TASK DIRECTIONS:
Please state how many lines of the records below contain the word "zijn". Give the number and nothing else.

INPUT RECORDS:
Start of Block
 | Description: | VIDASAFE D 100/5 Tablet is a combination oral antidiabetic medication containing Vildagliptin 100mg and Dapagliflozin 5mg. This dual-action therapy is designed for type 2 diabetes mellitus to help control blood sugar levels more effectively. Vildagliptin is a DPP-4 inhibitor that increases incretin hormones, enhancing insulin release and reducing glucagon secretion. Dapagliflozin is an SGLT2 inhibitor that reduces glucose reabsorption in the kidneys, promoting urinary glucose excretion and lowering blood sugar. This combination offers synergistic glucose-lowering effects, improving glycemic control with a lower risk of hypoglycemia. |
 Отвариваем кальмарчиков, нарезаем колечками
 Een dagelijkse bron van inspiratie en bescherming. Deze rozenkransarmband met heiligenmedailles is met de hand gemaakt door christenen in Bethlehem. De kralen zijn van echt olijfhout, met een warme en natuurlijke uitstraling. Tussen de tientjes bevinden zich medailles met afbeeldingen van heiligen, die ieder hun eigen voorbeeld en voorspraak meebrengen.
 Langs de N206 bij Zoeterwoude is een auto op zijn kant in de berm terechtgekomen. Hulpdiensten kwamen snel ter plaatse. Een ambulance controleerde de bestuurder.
End of Block
Start of Block
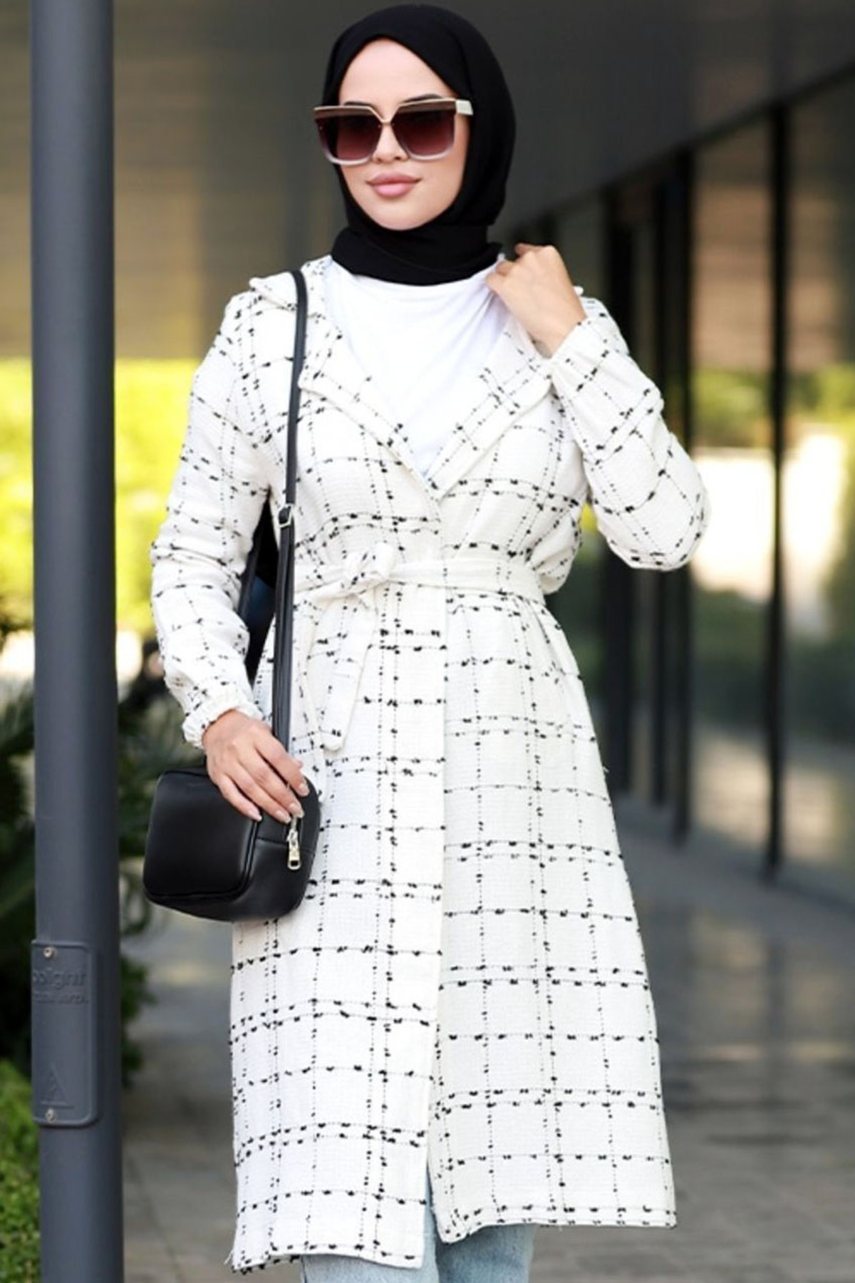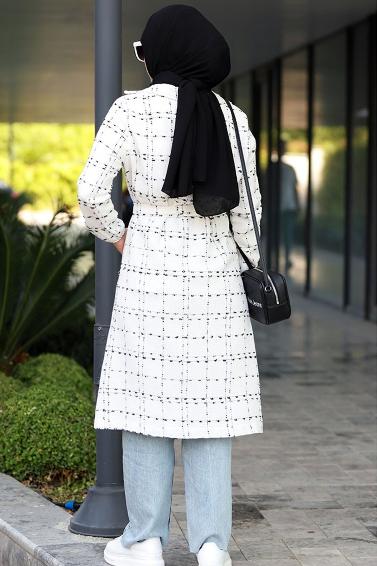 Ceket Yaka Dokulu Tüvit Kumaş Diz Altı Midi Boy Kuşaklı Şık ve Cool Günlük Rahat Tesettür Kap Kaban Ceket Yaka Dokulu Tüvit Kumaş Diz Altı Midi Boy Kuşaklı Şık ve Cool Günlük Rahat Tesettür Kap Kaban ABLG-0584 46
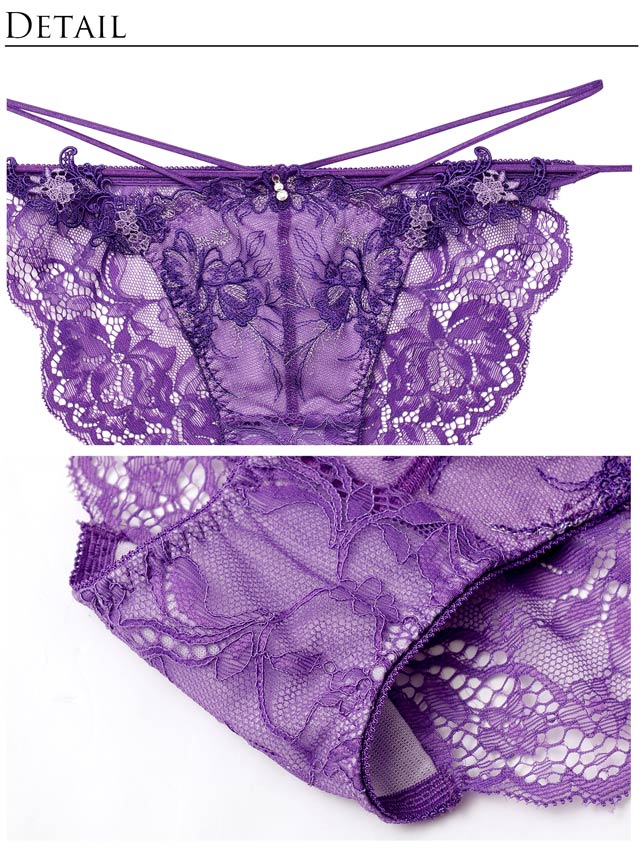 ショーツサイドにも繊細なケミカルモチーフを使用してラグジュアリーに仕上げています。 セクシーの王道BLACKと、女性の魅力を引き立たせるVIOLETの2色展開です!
End of Block
RESPONSE AREA:
2